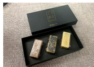
【くる東北(北東北3点セット)】 (青森・秋田・岩手各県 Ver.)

「くる東北」の開発に際しては各県の素材選びから自らその土地、その土地に足を運んでこだわっています。工場などで大量生産せず、ホテルで一つひとつ手づくりすることも料理長がこだわったポイント。青森、秋田、岩手各県の米粉と地域を想起させる食材を合わせたホテルメトロポリタン仙台オリジナルスイーツです。(上野駅初出品)
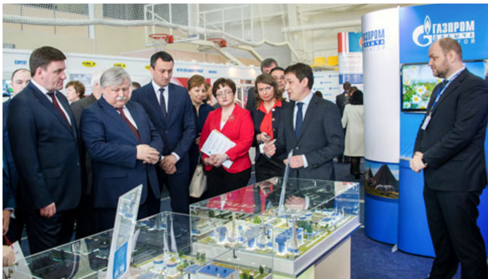
Стенд Общества «Газпром добыча Уренгой» на выставке весьма популярен

Двухдневная программа газового форума насыщена событиями. В выставочном зале делового центра «Ямал» развернулась специализированная экспозиция. Одно из центральных мест по традиции отведено красочному стенду Общества «Газпром добыча Уренгой». Взор привлекает макет, на котором можно рассмотреть все этапы технологии утилизации промышленных стоков. Кроме того, стенд дополнен двумя экранами, на которых транслируются в режиме нон-стоп
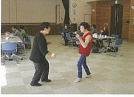
カラオケ横でダンスも開始!!
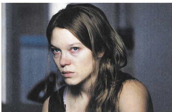
Roubaix, une lumière Regie: Léa Seydoux
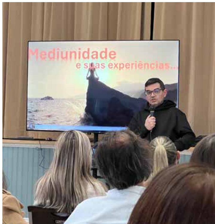
Workshop teve a participação de aproximadamente 50 pessoas

“Todo aquele que sente, num grau qualquer, a influência dos Espíritos
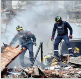
विद्यालय को नुकसान पहुंचा है। उन्होंने यह भी बताया कि वायु रक्षा प्रणालियों ने वॉरेनेज़ के उमर 17 ड्रोन मार गिराए। यह शहर लगभग 10 लाख से अधिक आबादी वाला है और यूक्रेन सीमा से करीब 250 किलोमीटर दूर स्थित है।
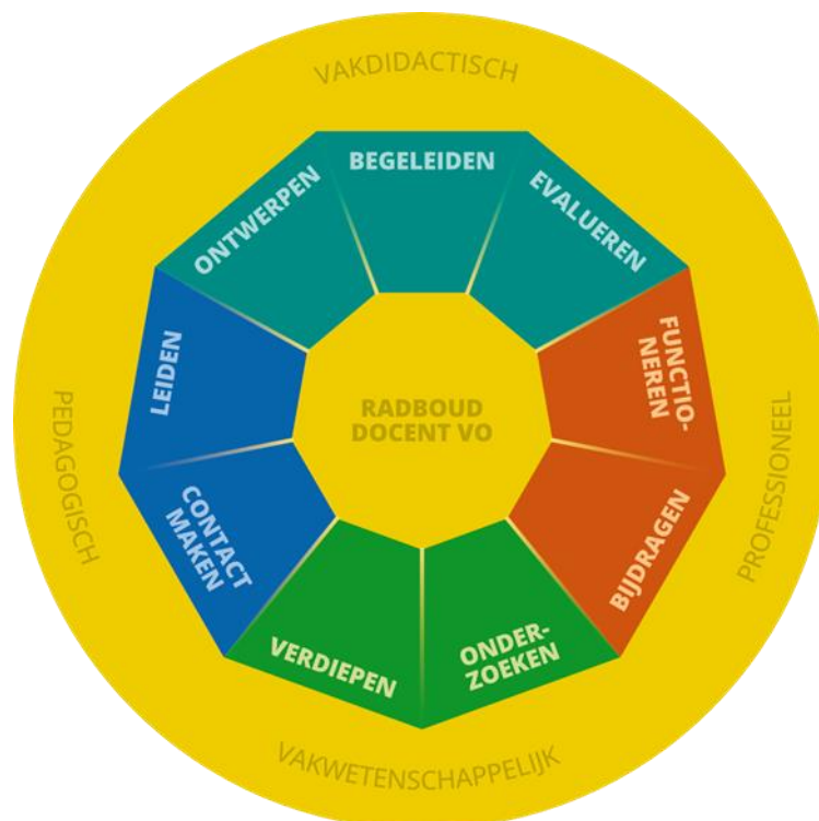
Figuur 1. De negen opleidingsdoelen.

In de opleiding staan opleidingsdoelen centraal; herkenbare beroepshandelingen die horen bij de rollen van de docent. Als vakdidactisch specialist ontwerpen de studenten effectief onderwijs, begeleiden ze het leerproces en toetsen ze of de leerlingen voldoende hebben geleerd. Als pedagoog creëren ze een positief leef- en leerklimaat. Ze bouwen een band op met de klas en met individuele leerlingen en stimuleren hun sociaal-emotionele ontwikkeling. Als professional zijn ze ook buiten de lessen actief in de schoolorganisatie en dragen ze bij aan de maatschappelijke opdracht van het onderwijs. Als vakwetenschappelijk bekwaam docent bevragen ze de onderwijspraktijk kritisch en verbeteren ze de onderwijspraktijk vanuit onderzoek.
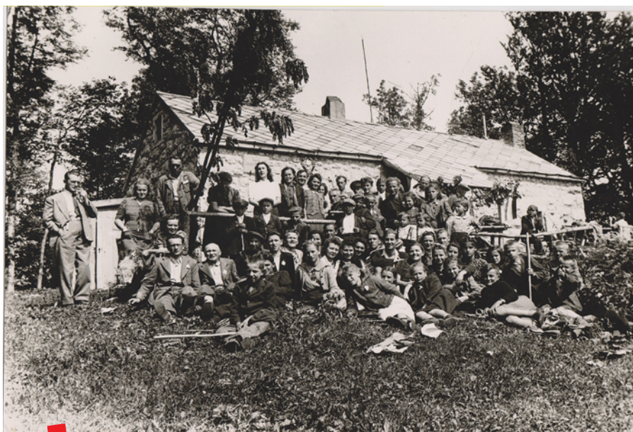
Ivančani kod planinarskog doma na Ivanšćici, 30-e g. 20. st.
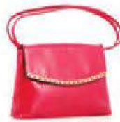
un sac à main
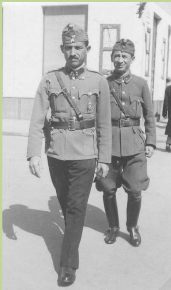
Erdély visszatér. Nagyváradon, 1940 szeptemberében.
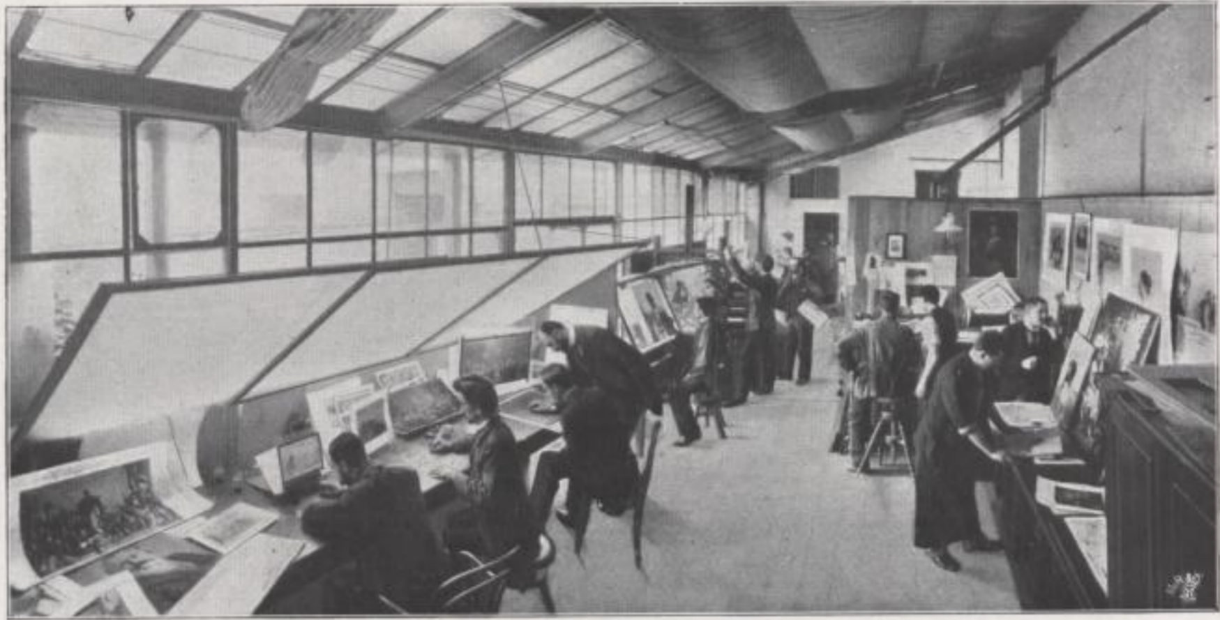
Saal für Kupferretouche.
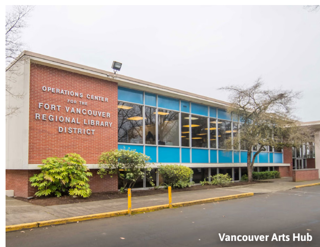
Vancouver Arts Hub

Obtenga más información y comparta sus ideas en beheardvancouver.org/vancouver-arts-hub .
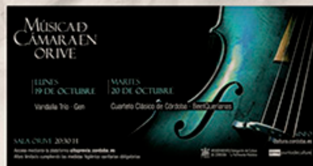
Con obras de Beethoven y Conrado del Campo
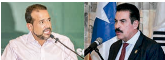
Luis Fernando Camacho y Manfred Reyes Villa. ESM

La propuesta de Mesa señala que en las primarias pueda votar, de manera voluntaria, cualquier ciudadano inscrito en el Padrón Electoral y no sólo
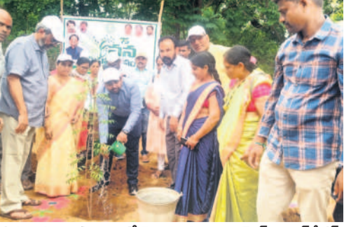
కోటపల్లి ప్రభుత్వ ఉన్నత పాఠశాలలో మొక్క నాటుతున్న కలెక్టర్ కుమార్ దీపక్

కోటపల్లి, జూలై 2 : చెట్లతోనే మానవాళికి మనుగడ అని, ప్రతి ఒక్కరూ మొక్కలు నాటి సంరక్షించాలని మంచెర్యాల కలెక్టర్ కుమార్ దీపక్ పిలుపునిచ్చారు. కోటపల్లి మండలంలోని ప్రభుత్వ ఉన్నత పాఠశాలలో మంగళవారం వన మహోత్సవం కార్యక్రమంలో భాగంగా మొక్కలు నాటారు. ఈ సందర్భంగా కలెక్టర్ మాట్లాడుతూ పాఠశాలలో విద్యార్థులు ఒక్కొక్క మొక్క నాటి అది పరిగె వరకూ బాధ్యత తీసుకోవాలన్నారు. చెట్లతోనే పర్యావరణం రక్షణ సాధ్యమని వివరించారు. ఇంటింటికీ ఆరు మొక్కల చొప్పున అందజేసి వాటిని నాటిలా చూడాలని అధికారులకు సూచించారు. అనంతరం విద్యార్థులతో కలిసి మొక్కల వద్ద ఫోటోలు దిగారు. కోటపల్లి ఎస్సీ హాస్టల్లో అదనపు గదుల నిర్మాణంతో పాటు మరుగుదొడ్లను నిర్మించాలని ఎంపీపీ మంత్రి సురేఖ కలెక్టర్ కు వినతిపత్రం ఇచ్చారు. ఈ కార్యక్రమంలో
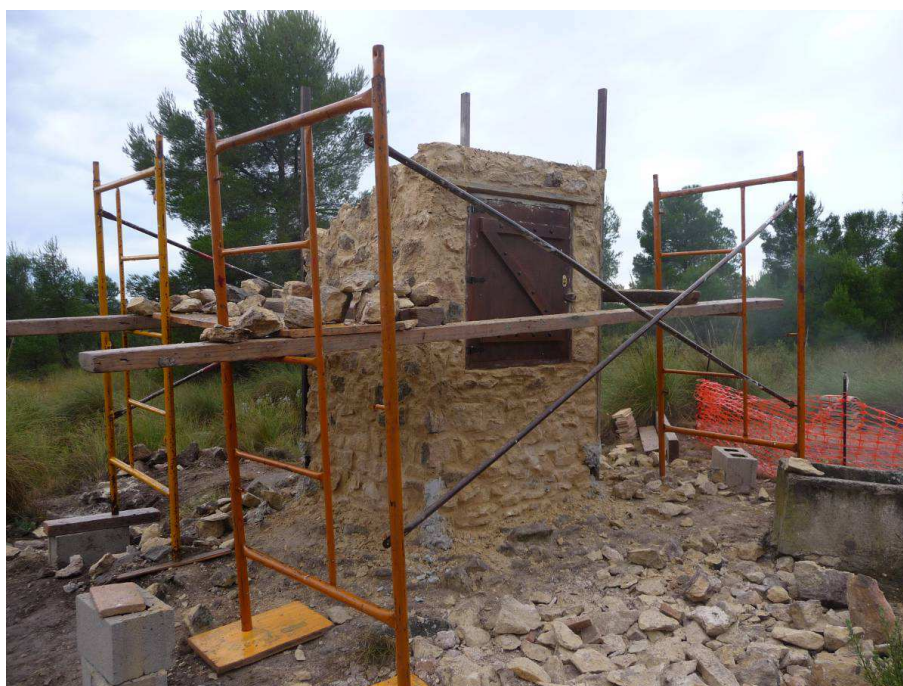
Foto 2. Aljibe del Tollo. Reconstrucción de la capilla del aljibe. Fecha: 22.12.2010
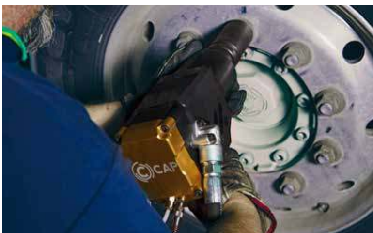
IMPACT WRENCH K350
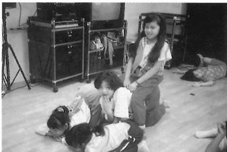
▲圖五十 「白女巫坐在雪車上」，前二人是拖車的鹿，中間是駕雪車的小矮人，高高在上的是白女巫。
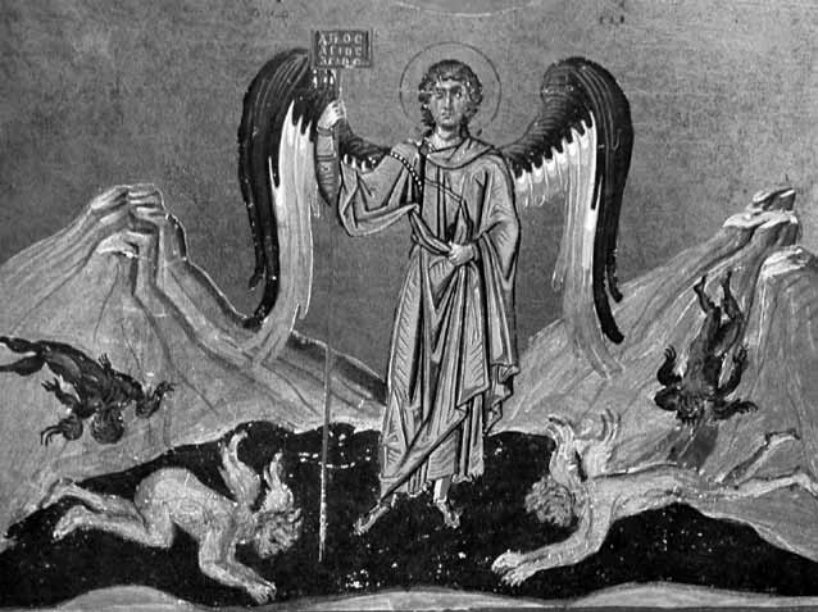
Lev. 2: Bir Bizans minyatrnde Őeytanı yenmiŐ, kt ruhlara baŐ eđdirmiŐ baŐmelek Mikail, 11. II. Basil Menelogion'u MS Graec.1613, Roma, Vatikan Ktphanesi.
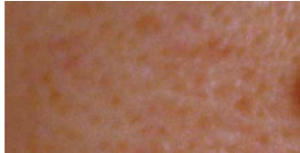
エイジツ抽出液-R 1%配合ローション
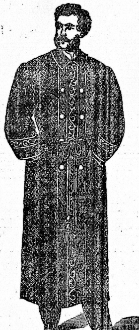
Фрачн. пара отъ Р. 28—45.
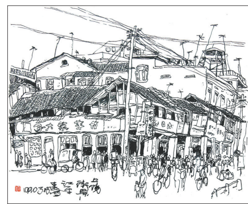
速写《上饶市区老街口》(1990年)
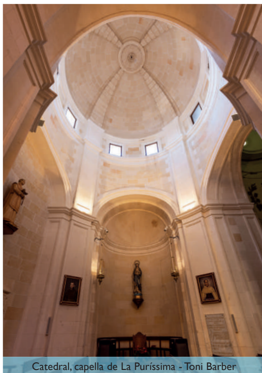
Catedral, capella de La Puríssima - Toni Barber

+ + + + +

The answer must be a single number: how many lines in the data contain the string "добыча"?

2